◆ Entries provided:
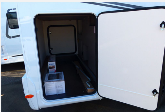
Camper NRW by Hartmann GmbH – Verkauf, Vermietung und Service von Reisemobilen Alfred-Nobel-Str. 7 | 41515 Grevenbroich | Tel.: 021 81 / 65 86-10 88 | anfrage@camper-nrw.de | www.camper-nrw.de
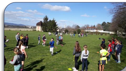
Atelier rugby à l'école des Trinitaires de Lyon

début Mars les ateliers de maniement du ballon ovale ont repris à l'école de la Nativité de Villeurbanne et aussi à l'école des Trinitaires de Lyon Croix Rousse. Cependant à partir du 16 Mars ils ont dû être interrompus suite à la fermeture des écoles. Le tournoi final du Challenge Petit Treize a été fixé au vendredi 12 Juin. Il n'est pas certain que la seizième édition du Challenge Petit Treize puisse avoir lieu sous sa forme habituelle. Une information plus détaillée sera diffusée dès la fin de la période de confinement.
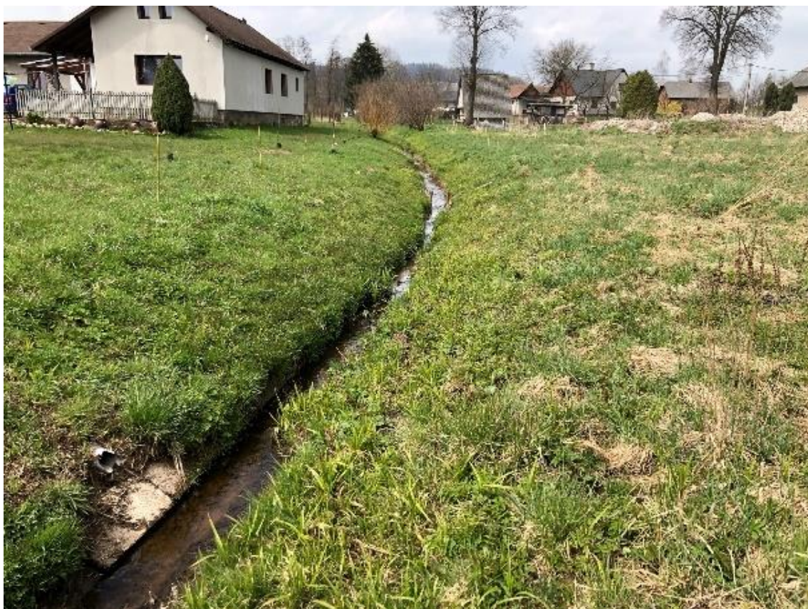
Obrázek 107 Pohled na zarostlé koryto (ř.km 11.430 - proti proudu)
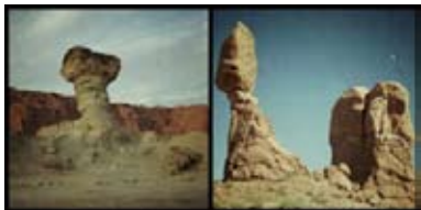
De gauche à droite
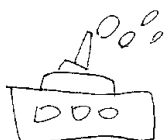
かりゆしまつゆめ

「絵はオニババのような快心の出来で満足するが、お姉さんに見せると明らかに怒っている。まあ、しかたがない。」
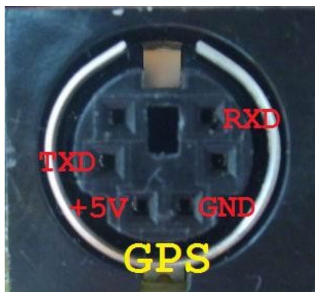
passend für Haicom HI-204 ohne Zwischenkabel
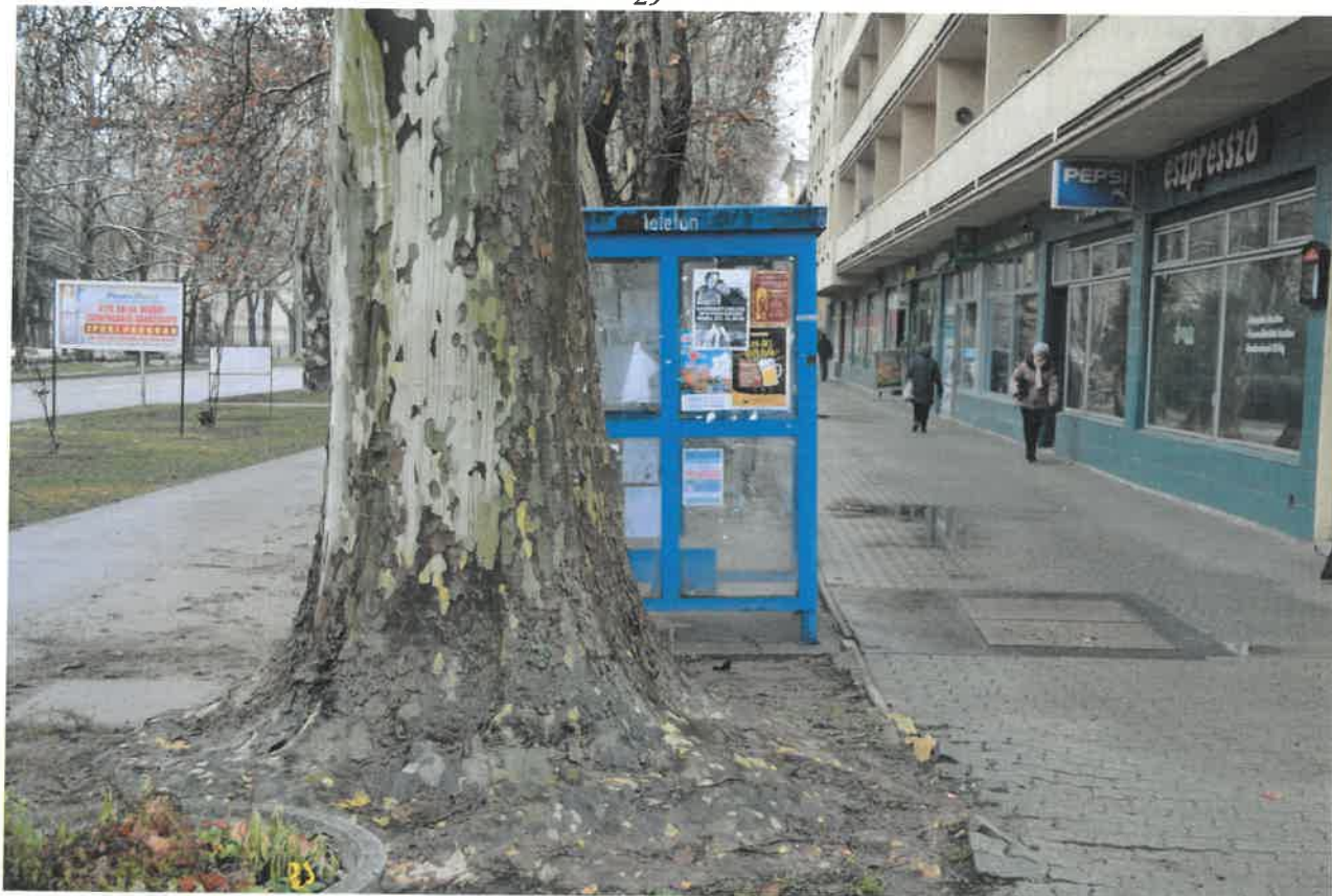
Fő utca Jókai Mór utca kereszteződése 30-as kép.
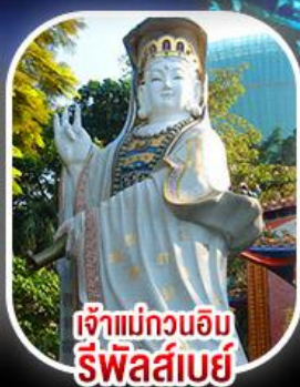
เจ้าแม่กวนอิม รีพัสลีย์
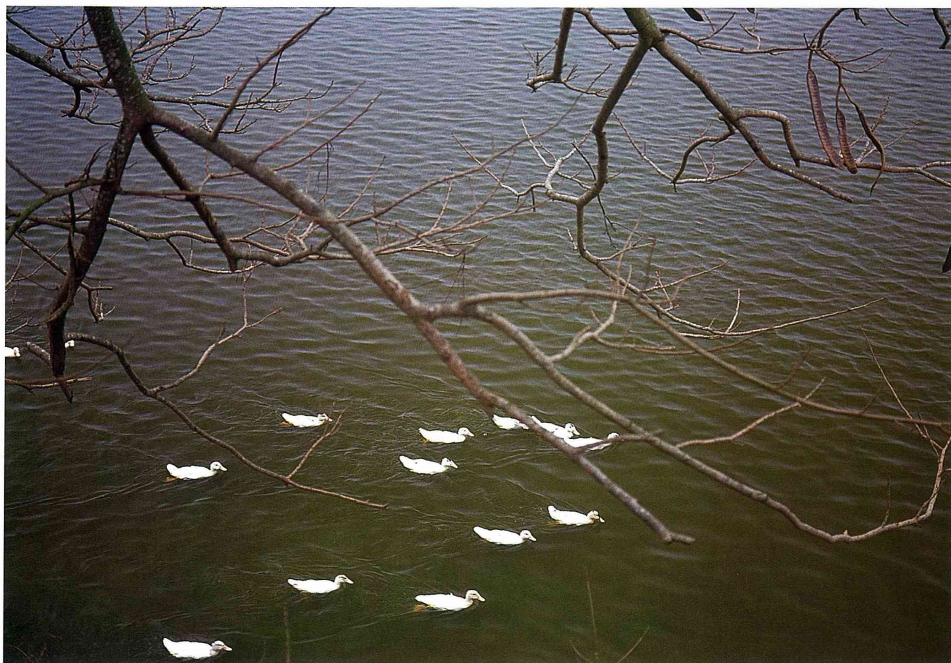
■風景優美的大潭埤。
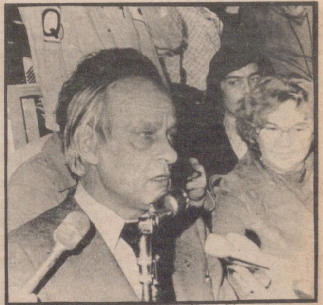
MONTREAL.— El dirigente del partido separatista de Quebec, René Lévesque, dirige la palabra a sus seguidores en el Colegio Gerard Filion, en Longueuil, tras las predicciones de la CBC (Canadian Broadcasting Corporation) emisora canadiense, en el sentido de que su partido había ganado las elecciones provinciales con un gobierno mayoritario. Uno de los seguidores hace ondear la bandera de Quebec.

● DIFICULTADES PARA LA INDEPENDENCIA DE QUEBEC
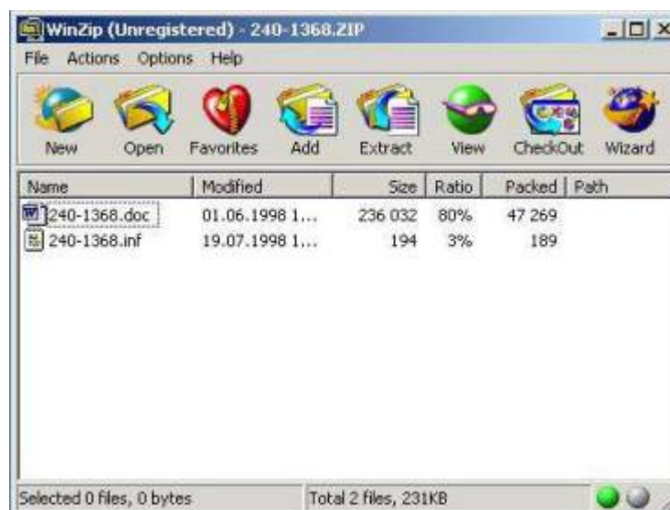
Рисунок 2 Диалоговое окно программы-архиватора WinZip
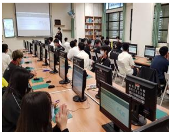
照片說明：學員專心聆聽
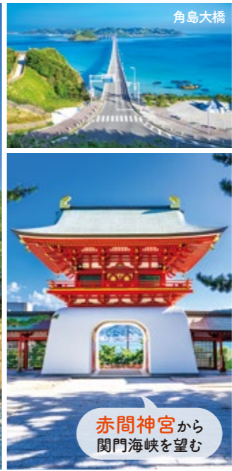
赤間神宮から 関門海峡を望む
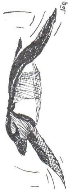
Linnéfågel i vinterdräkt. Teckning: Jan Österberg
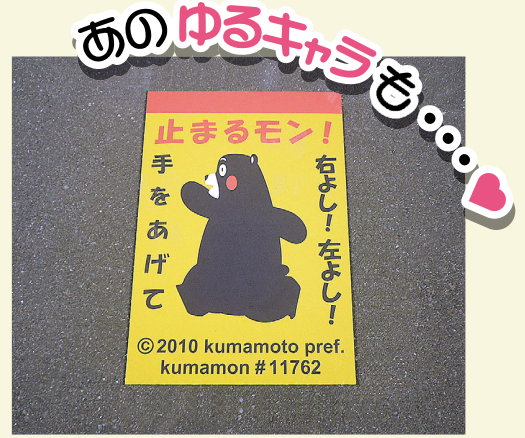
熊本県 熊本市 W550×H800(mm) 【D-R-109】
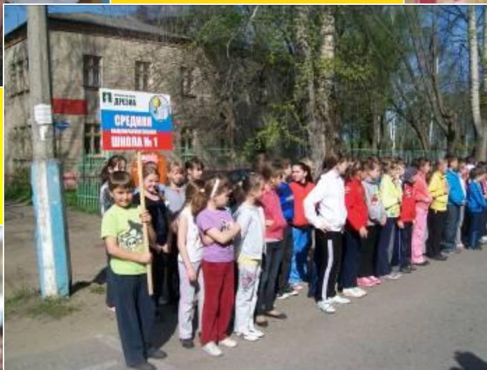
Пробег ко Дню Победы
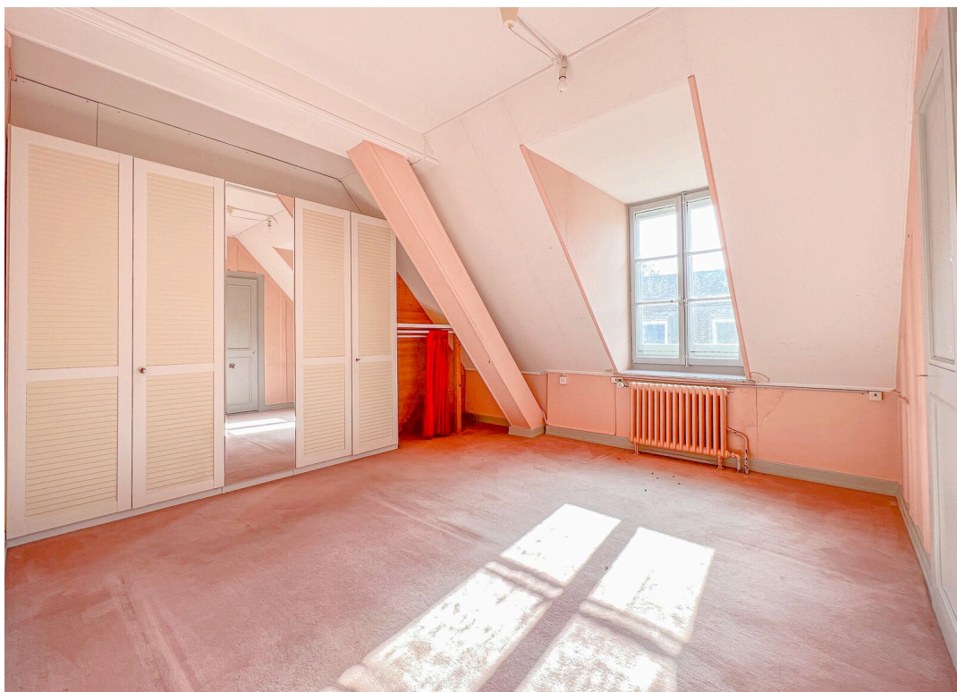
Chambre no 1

◆ Work order: Omit the pictures and reproduce the remaining material above exactly.

◆ Problem solution:
Camper NRW by Hartmann GmbH – Verkauf, Vermietung und Service von Reisemobilen Alfred-Nobel-Str. 7 | 41515 Grevenbroich | Tel.: 021 81 / 65 86-10 88 | anfrage@camper-nrw.de | www.camper-nrw.de
Atelier rugby à l'école des Trinitaires de Lyon

début Mars les ateliers de maniement du ballon ovale ont repris à l'école de la Nativité de Villeurbanne et aussi à l'école des Trinitaires de Lyon Croix Rousse. Cependant à partir du 16 Mars ils ont dû être interrompus suite à la fermeture des écoles. Le tournoi final du Challenge Petit Treize a été fixé au vendredi 12 Juin. Il n'est pas certain que la seizième édition du Challenge Petit Treize puisse avoir lieu sous sa forme habituelle. Une information plus détaillée sera diffusée dès la fin de la période de confinement.
Obrázek 107 Pohled na zarostlé koryto (ř.km 11.430 - proti proudu)
De gauche à droite
かりゆしまつゆめ

「絵はオニババのような快心の出来で満足するが、お姉さんに見せると明らかに怒っている。まあ、しかたがない。」
passend für Haicom HI-204 ohne Zwischenkabel
Fő utca Jókai Mór utca kereszteződése 30-as kép.
เจ้าแม่กวนอิม รีพัสลีย์
■風景優美的大潭埤。
MONTREAL.— El dirigente del partido separatista de Quebec, René Lévesque, dirige la palabra a sus seguidores en el Colegio Gerard Filion, en Longueuil, tras las predicciones de la CBC (Canadian Broadcasting Corporation) emisora canadiense, en el sentido de que su partido había ganado las elecciones provinciales con un gobierno mayoritario. Uno de los seguidores hace ondear la bandera de Quebec.

● DIFICULTADES PARA LA INDEPENDENCIA DE QUEBEC
Рисунок 2 Диалоговое окно программы-архиватора WinZip
照片說明：學員專心聆聽
赤間神宮から 関門海峡を望む
Linnéfågel i vinterdräkt. Teckning: Jan Österberg
熊本県 熊本市 W550×H800(mm) 【D-R-109】
Пробег ко Дню Победы
Chambre no 1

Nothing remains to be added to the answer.